(Collection entries)
══════
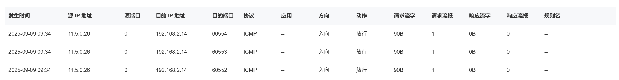 流量日志列表包括發生時間、源IP地址、源端口、目的IP地址、目的端口、協議、應用、方向、動作、請求流字節數、請求流報文數、響應流字節數、響應流報文數、規則名。
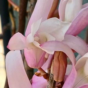 道側の枯れた楓に着けてある 石斛^ - ^ 前は葉が出ていました、しかし カミキリ虫にやられ楓が枯れてしまってからは 椰子の葉で日除け^ - ^ 野生種で超うすいピンクと白い株の石斛です^ - ^
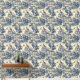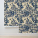 "城フランスのトワール・ド・ジュイ"ヴィンテージ壁紙は、老朽化したアイボリーホワイトの日陰に深いブルーの灰色のプリントである。今や伝統的大千年のスタイルと人気があるして新しい取り組み与えを見せる姿とクラシックの外観。
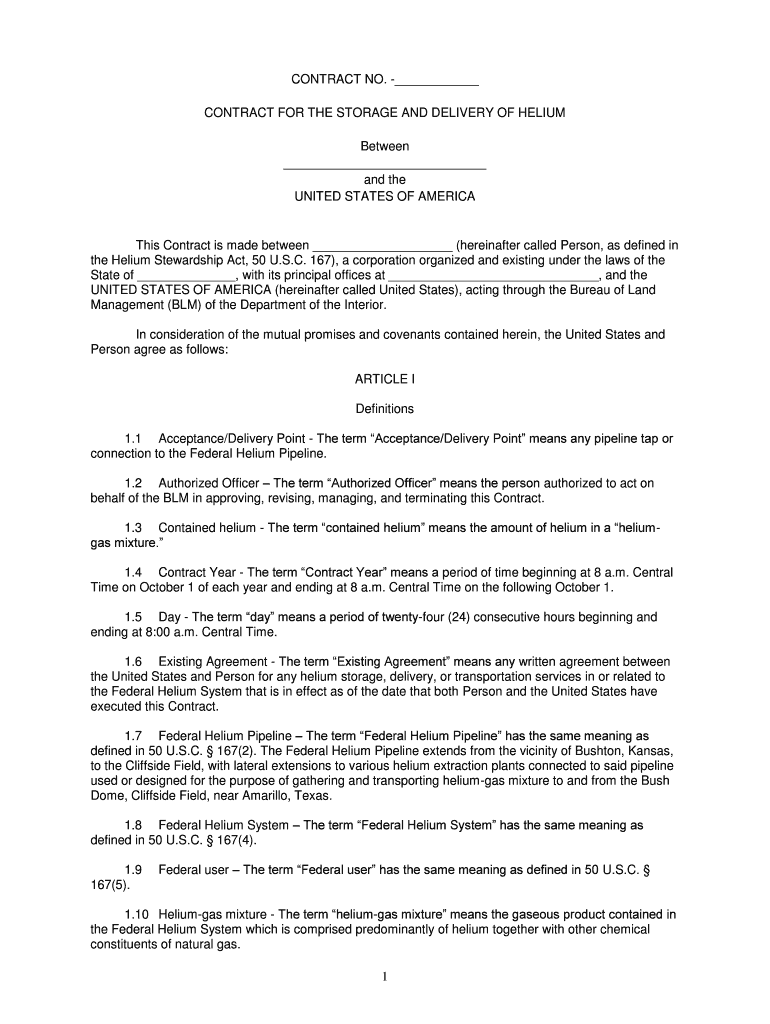 CONTRACT NO. CONTRACT FOR THE STORAGE AND DELIVERY OF HELIUM Between and the UNITED STATES OF Americans Contract is made between (hereinafter called Person, as defined in the Helium Stewardship Act,
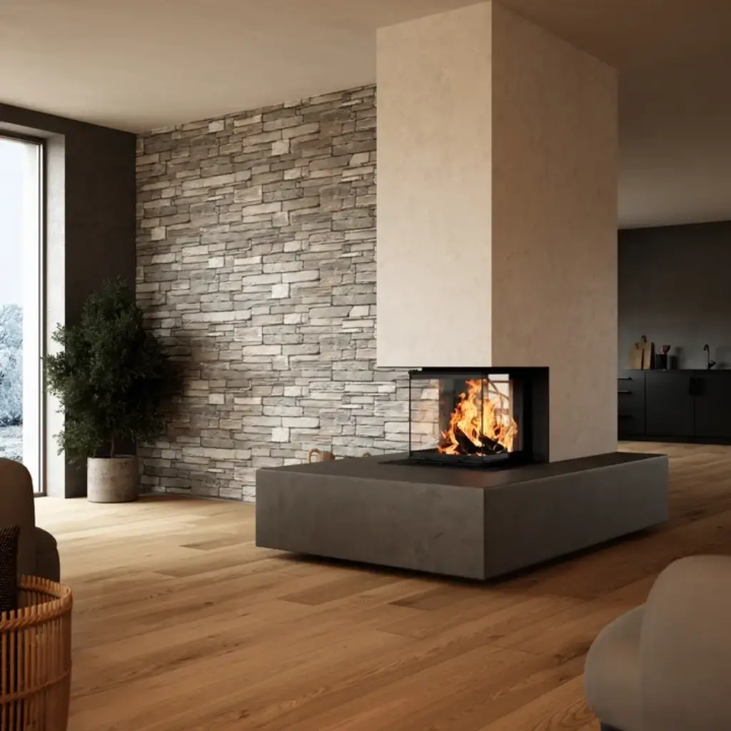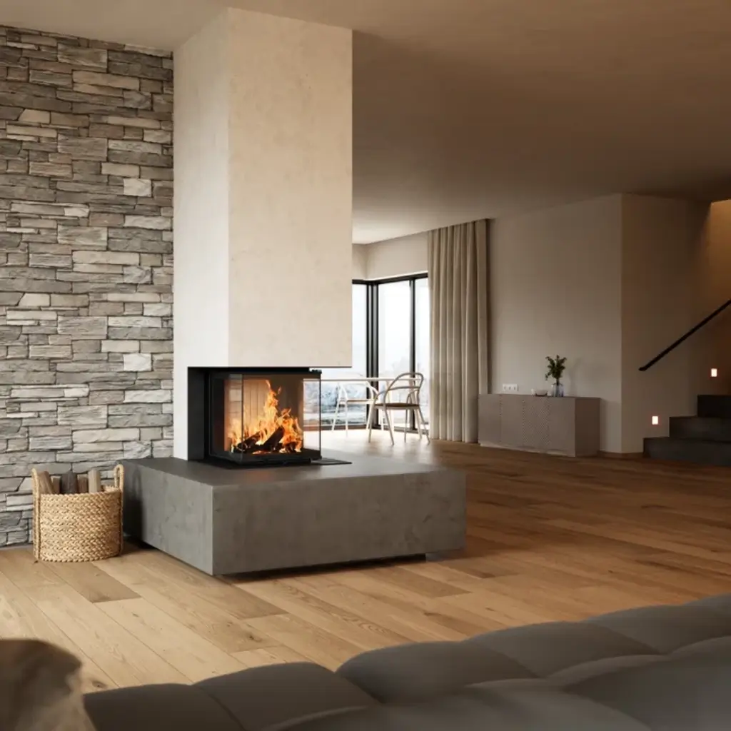 Skapa en eldstad som blir rummets mittpunkt med Brunner BKH 5.0 Panorama 45-45-45-45 – en exklusiv panoramakamin med hisslucka och tre glasytor i perfekt symmetri. Med lika stora glaspartier på 45 x 45 cm åt tre håll får du maximal insyn till elden från alla vinklar, vilket gör denna insats idealisk som rumsavdelare eller mittpunkt i större utrymmen med öppen planlösning.
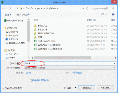 - Excel2013で「名前を付けて保存」ダイアログボックスを表示した例です。
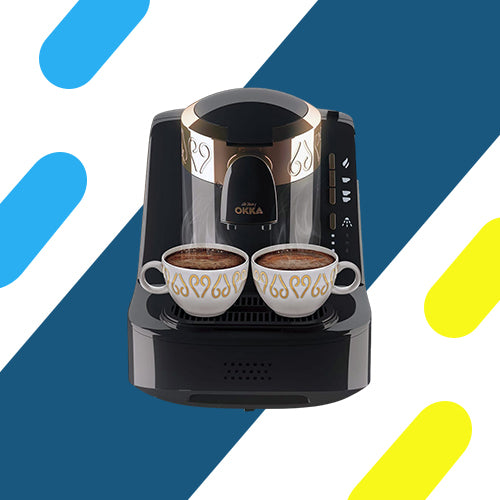 ماكينة تحضير القهوة التركية أوكا أرزوم – أسود/نحاسي – موديل OK001/BLACK. تجمع بين التصميم الفاخر والأداء العملي، مع تحضير سريع خلال 80 ثانية أو تسوية بطيئة (سبرتاية) في 4 دقائق. مزودة بميزة الصب التلقائي في الفناجين، وتنظيف ذاتي، وتحضير كوبين معًا.
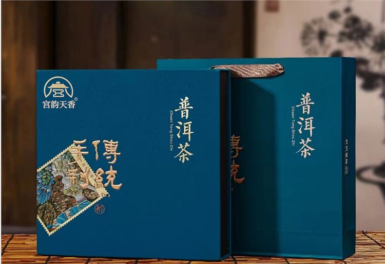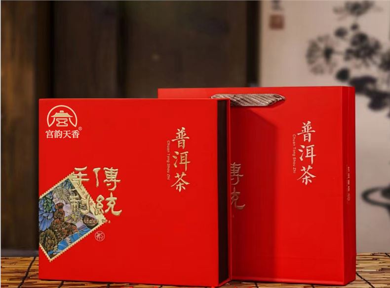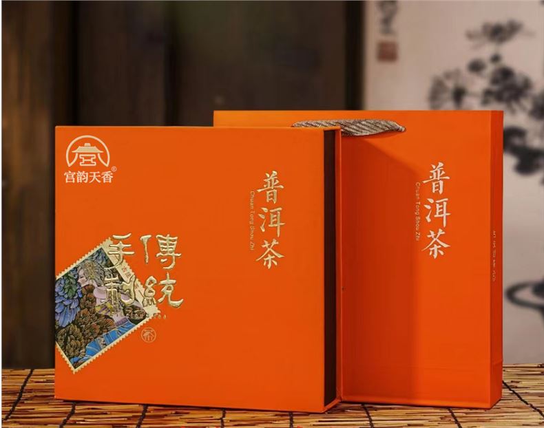 品种:七子饼普洱(2019熟普) 原料:云南 大叶晒青毛茶 净量:357克 礼盒:280*260*50mm 每件套数:32套
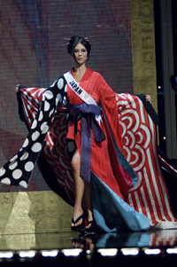 Addressing the judges’ questions in their native tongues (with English interpretation for all but Miss USA), Miss Venezuela spoke eloquently about maintaining the proper balance in a man-woman relationship; Miss Korea rose to the occasion in choosing a comic book hero’s super power to help support her missionary work; Miss Brazil put her heart and mind into answering a question on using both of those resources to live her life to the fullest; Miss USA deftly handled her question (as well as a smattering of audience jeers) by relating her eye-opening and educational experience while visiting South Africa; and Miss Japan was eloquent in crediting her childhood dance classes for lessons in being happy, patient, and positive that continue to inspire her today.
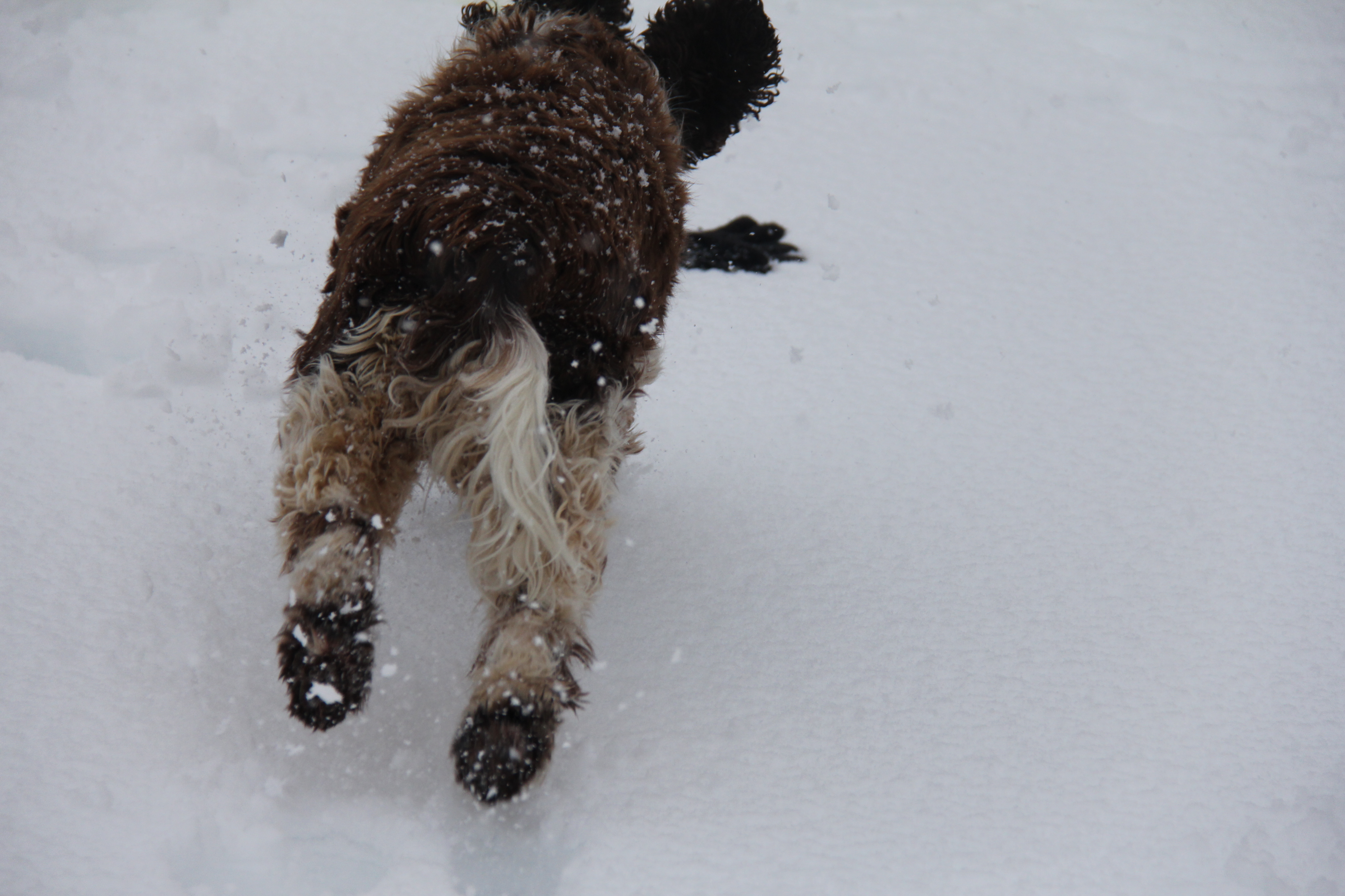 Det kom 6 inches (ca 15 cm)  snö igår, och fortsatte snöa under natten. Frampå morgonen gick det över till underkylt regn så att det la sig som en skorpa över snön. Så här såg det ut när jag var ute med hundarna på förmiddagen, inte en snöplog så långt ögat kunde nå förstås. Inget salt eller sand på vägarna heller…
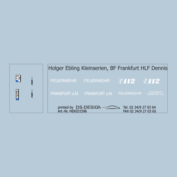 Dieses Decal ist speziell für die Kleinserienmodelle von HEK Holger Ebling Kleinserie konstruiert und passt auf das Kleinserienmodell des HLF auf Basis des Dennis Rapier HLF der Feuerwehr Frankfurt.
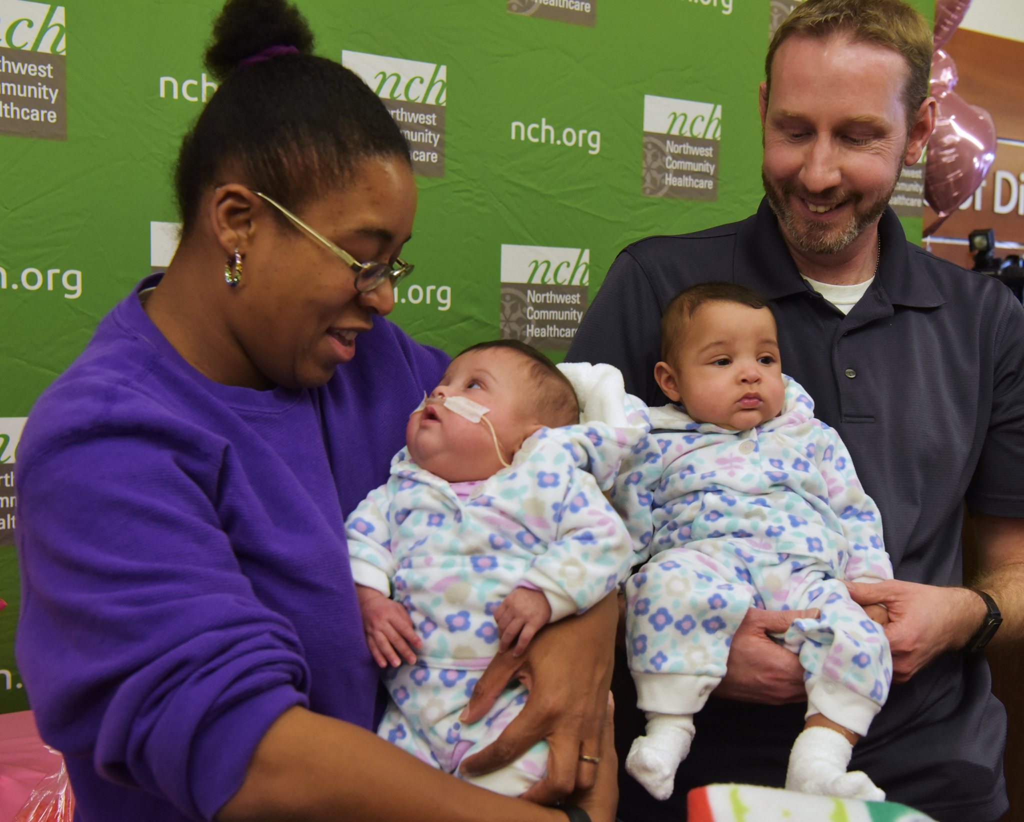 Kacie is the smallest premature baby ever born in the 57-year history of Northwest Community Hospital in Arlington Heights, where Mom and Dad and twin sister Naomi came to visit daily until Kacie was healthy enough to go home with them Thursday.
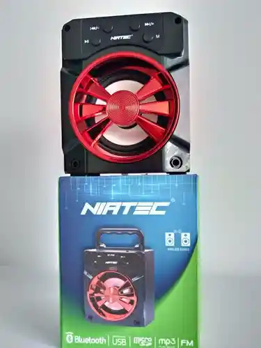 17 cm de alto 12 cm de ancho 9 cm de fondo Parlante Portable Bluetooth Reproductor MP3 Puerto para memoria USB Puerto para memoria Micro SD Entrada auxiliar estereo Batería recargable incluida Radio FM Parlante de 3¨ Agarradera superior Cable de carga incluido Cargar con el cargador de su celular
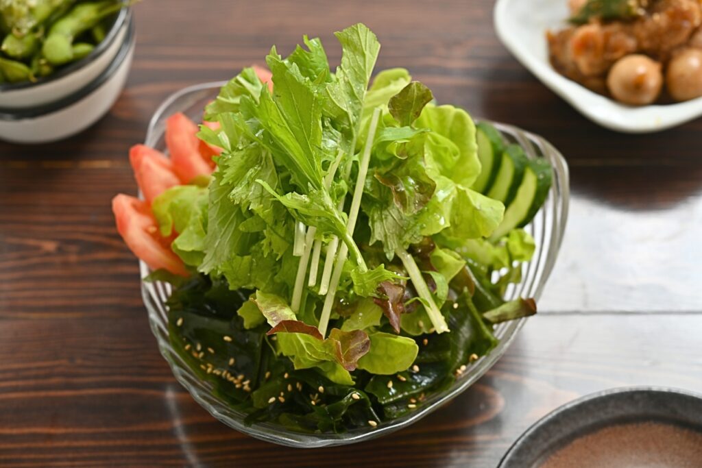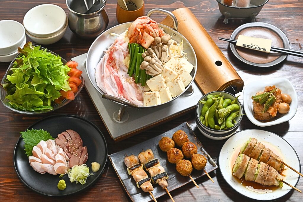 ・おまかせサラダ ・牛タン刺 ・鴨のカルパッチョ ・カキの味噌鍋 ・焼き鳥2種 ・レタス巻き ・鍋の〆味噌煮込みうどん ・自家製バニラアイス ※写真は「忘年会鍋コース」です
══════
### EXERCISE AIM
Exactly as they appear above, write out all the entries, without pictures.

### WRITTEN SOLUTION
 流量日志列表包括發生時間、源IP地址、源端口、目的IP地址、目的端口、協議、應用、方向、動作、請求流字節數、請求流報文數、響應流字節數、響應流報文數、規則名。
 道側の枯れた楓に着けてある 石斛^ - ^ 前は葉が出ていました、しかし カミキリ虫にやられ楓が枯れてしまってからは 椰子の葉で日除け^ - ^ 野生種で超うすいピンクと白い株の石斛です^ - ^
 "城フランスのトワール・ド・ジュイ"ヴィンテージ壁紙は、老朽化したアイボリーホワイトの日陰に深いブルーの灰色のプリントである。今や伝統的大千年のスタイルと人気があるして新しい取り組み与えを見せる姿とクラシックの外観。
 CONTRACT NO. CONTRACT FOR THE STORAGE AND DELIVERY OF HELIUM Between and the UNITED STATES OF Americans Contract is made between (hereinafter called Person, as defined in the Helium Stewardship Act,
 Skapa en eldstad som blir rummets mittpunkt med Brunner BKH 5.0 Panorama 45-45-45-45 – en exklusiv panoramakamin med hisslucka och tre glasytor i perfekt symmetri. Med lika stora glaspartier på 45 x 45 cm åt tre håll får du maximal insyn till elden från alla vinklar, vilket gör denna insats idealisk som rumsavdelare eller mittpunkt i större utrymmen med öppen planlösning.
 - Excel2013で「名前を付けて保存」ダイアログボックスを表示した例です。
 ماكينة تحضير القهوة التركية أوكا أرزوم – أسود/نحاسي – موديل OK001/BLACK. تجمع بين التصميم الفاخر والأداء العملي، مع تحضير سريع خلال 80 ثانية أو تسوية بطيئة (سبرتاية) في 4 دقائق. مزودة بميزة الصب التلقائي في الفناجين، وتنظيف ذاتي، وتحضير كوبين معًا.
 品种:七子饼普洱(2019熟普) 原料:云南 大叶晒青毛茶 净量:357克 礼盒:280*260*50mm 每件套数:32套
 Addressing the judges’ questions in their native tongues (with English interpretation for all but Miss USA), Miss Venezuela spoke eloquently about maintaining the proper balance in a man-woman relationship; Miss Korea rose to the occasion in choosing a comic book hero’s super power to help support her missionary work; Miss Brazil put her heart and mind into answering a question on using both of those resources to live her life to the fullest; Miss USA deftly handled her question (as well as a smattering of audience jeers) by relating her eye-opening and educational experience while visiting South Africa; and Miss Japan was eloquent in crediting her childhood dance classes for lessons in being happy, patient, and positive that continue to inspire her today.
 Det kom 6 inches (ca 15 cm)  snö igår, och fortsatte snöa under natten. Frampå morgonen gick det över till underkylt regn så att det la sig som en skorpa över snön. Så här såg det ut när jag var ute med hundarna på förmiddagen, inte en snöplog så långt ögat kunde nå förstås. Inget salt eller sand på vägarna heller…
 Dieses Decal ist speziell für die Kleinserienmodelle von HEK Holger Ebling Kleinserie konstruiert und passt auf das Kleinserienmodell des HLF auf Basis des Dennis Rapier HLF der Feuerwehr Frankfurt.
 Kacie is the smallest premature baby ever born in the 57-year history of Northwest Community Hospital in Arlington Heights, where Mom and Dad and twin sister Naomi came to visit daily until Kacie was healthy enough to go home with them Thursday.
 17 cm de alto 12 cm de ancho 9 cm de fondo Parlante Portable Bluetooth Reproductor MP3 Puerto para memoria USB Puerto para memoria Micro SD Entrada auxiliar estereo Batería recargable incluida Radio FM Parlante de 3¨ Agarradera superior Cable de carga incluido Cargar con el cargador de su celular
 ・おまかせサラダ ・牛タン刺 ・鴨のカルパッチョ ・カキの味噌鍋 ・焼き鳥2種 ・レタス巻き ・鍋の〆味噌煮込みうどん ・自家製バニラアイス ※写真は「忘年会鍋コース」です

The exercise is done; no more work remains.